Il est retourné à Gaza après avoir passé un an en exil et y a été nommé doyen de l’Université islamique.

En 1997, il a été nommé chef de bureau du fondateur du Hamas, Cheikh Ahmed Yassin, après sa libération. En 2004, il a été élu chef du mouvement Hamas dans la bande de Gaza, suite au martyre du Dr Abdel Aziz al-Rantissi.

L’homme de 62 ans a été Premier ministre de l’Autorité palestinienne entre 2006 et 2007, après que le Hamas a remporté la majorité des sièges aux élections législatives palestiniennes de l’époque.

Après la mise en place d’une administration dirigée par le Hamas dans la bande de Gaza, Haniyeh a été le chef du gouvernement de facto à Gaza de 2007 à 2014.

En 2017, il a été choisi pour remplacer Khaled Mechaal au poste de chef du bureau politique du Hamas. Avant son assassinat dans un raid contre sa résidence à Téhéran, il est venu assister à la prestation de serment du nouveau président iranien Massoud Pezeshkian devant le Parlement.

Assassinats d’Ismaïl Haniyeh à Téhéran: les condamnations pleuvent contre Israël

L’assassinat d’Ismaël Haniyeh dans la capitale iranienne a été condamné par les composantes de «l’axe de la Résistance» et par plusieurs pays dont la Turquie, le Qatar et la Syrie. Le Hamas promet que cet acte «ne restera pas sans réponse».

Le leader de la Révolution islamique l’Ayatollah Ali Khamenei a affirmé que «l’entité sioniste criminelle et terroriste s’est attirée la punition la plus sévère à la suite de cette agression ».

Et de renchérir: « Il est du devoir de l’Iran de venger le sang de Haniyeh parce qu’il est tombé en martyre sur notre sol ».

Le Hamas a vivement réagi en condamnant l’assassinat et en promettant que cet acte «ne restera pas sans réponse». De son côté, le Hezbollah a rendu hommage dans un communiqué à Ismaïl Haniyeh, présentant ses condoléances «au peuple palestinien». Haniyeh «faisait partie des grands dirigeants de la Résistance de notre époque, qui ont affronté avec courage le projet d’hégémonie américaine et l’occupation sioniste», a ajouté le Hezbollah, estimant que son «martyr renforcera la détermination» de l’axe.

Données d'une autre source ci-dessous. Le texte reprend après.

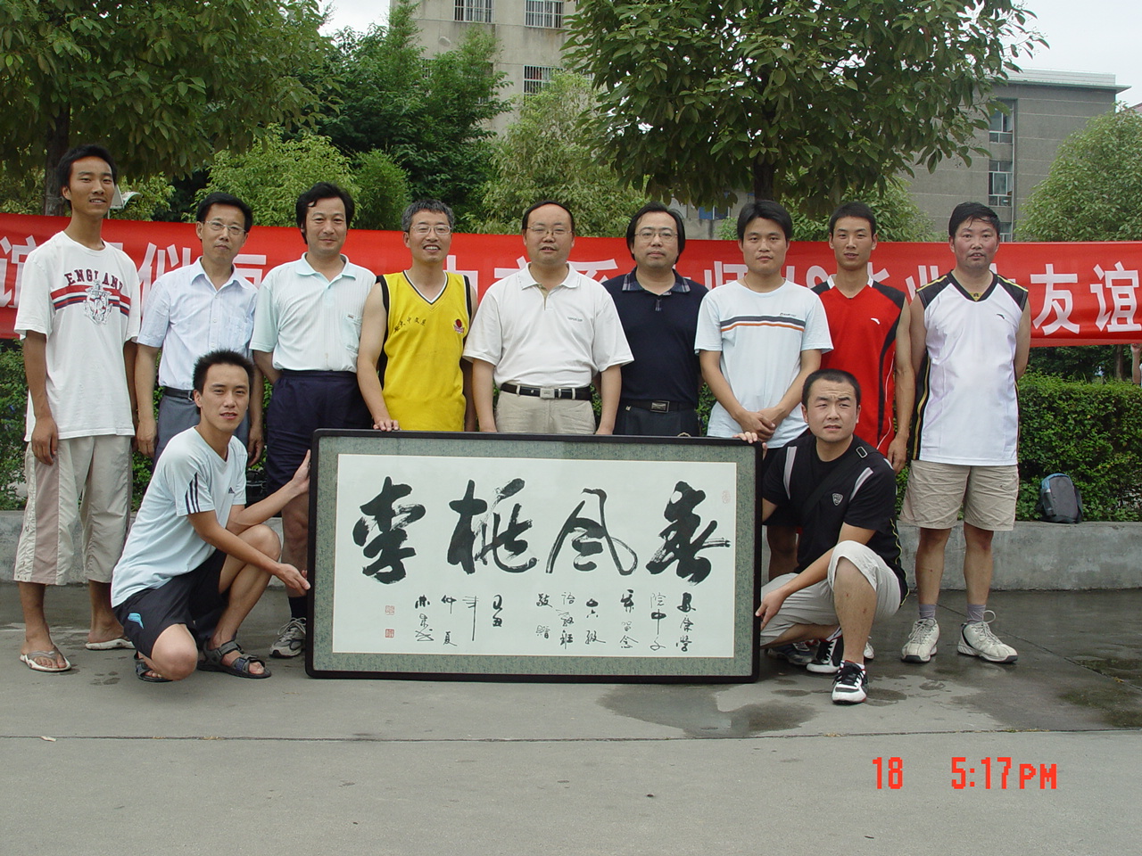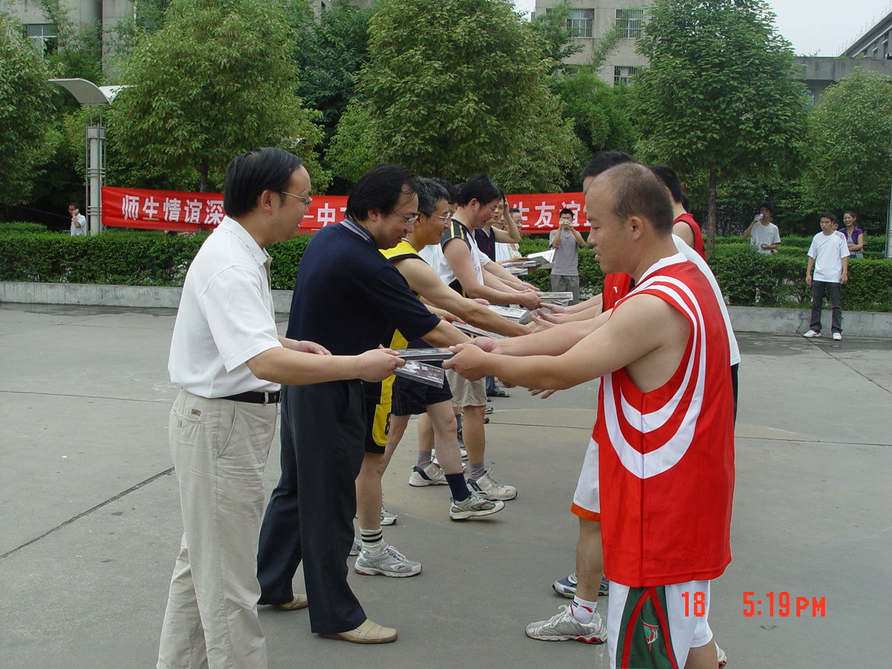 由沈军,雷升录、梁卫华、刘海、朱云、周龙田、韩烨等老师组成的教师队和毕业生组成的学生队展开对抗。比赛开始之前,系上老师们真诚的给同学们赠送了礼物,表达他们对即将离开学校的学子们的殷切期望和深切感情。

Le dirigeant du mouvement du Jihad islamique, Ziad al-Nakhala, également à Téhéran pour l’investiture du nouveau président iranien Massoud Pezechkian, a publié un communiqué dans lequel il a déclaré que «l’assassinat coupable perpétré par l’ennemi criminel contre un symbole de la Résistance ne dissuadera pas notre peuple de poursuivre la résistance pour mettre fin au crime sioniste qui a dépassé toutes les limites».

Au Yémen, le mouvement Ansar Allah a également déclaré sur la plateforme X que l’assassinat d’Ismaël Haniyeh était un «crime terroriste odieux».

La Jordanie, le Qatar, la Turquie et la Syrie ont également condamné l’assassinat du chef du bureau politique du Hamas. Le président turc Recep Tayyip Erdogan a condamné «l’assassinat perfide» de son «frère». «Que Dieu ait pitié de mon frère Ismaïl Haniyeh, tombé en martyr à la suite de cette odieuse attaque», a-t-il écrit sur X, dénonçant «la barbarie sioniste».

La Chine et la Russie ont aussi dénoncé cette frappe. «C’est un assassinat politique tout à fait inacceptable, et cela va aboutir à une nouvelle escalade des tensions», a déclaré l’un des vice-ministres russe des Affaires étrangères, Mikhaïl Bogdanov.

Assassinat de Haniyeh : vers un embrasement régional sur fond de guerre à Gaza

Énième escalade des tensions entre l’entité israélienne et l’axe de la Résistance ces derniers mois, l’assassinat du chef du Hamas, considéré comme un acteur majeur des négociations pour un cessez-le-feu intervient au lendemain d’une frappe meurtrière de l’armée israélienne contre la banlieue de Beyrouth, faisant plusieurs morts dont des civils.

Selon les observateurs, l’assassinat du chef du Hamas pourrait avoir un impact grave sur les négociations de cessez-le-feu à Gaza. Le Qatar, interlocuteur clé du mouvement palestinien dans les négociations de paix, a d’ailleurs partagé ses interrogations sur l’avenir des négociations pour une trêve à Gaza.

En outre, Firas Maksad, chercheur et directeur de la sensibilisation stratégique pour le Middle East Institute affirme que l’éventualité d’une « campagne orchestrée à l’échelle régionale amènerait les différentes composantes de l’axe de la Résistance en Irak, au Yémen, au Liban dans une réponse directe à Israël ». Il ajoute que «nous allons connaître plusieurs jours sombres au cours desquels la région sera au bord d’une guerre totale ».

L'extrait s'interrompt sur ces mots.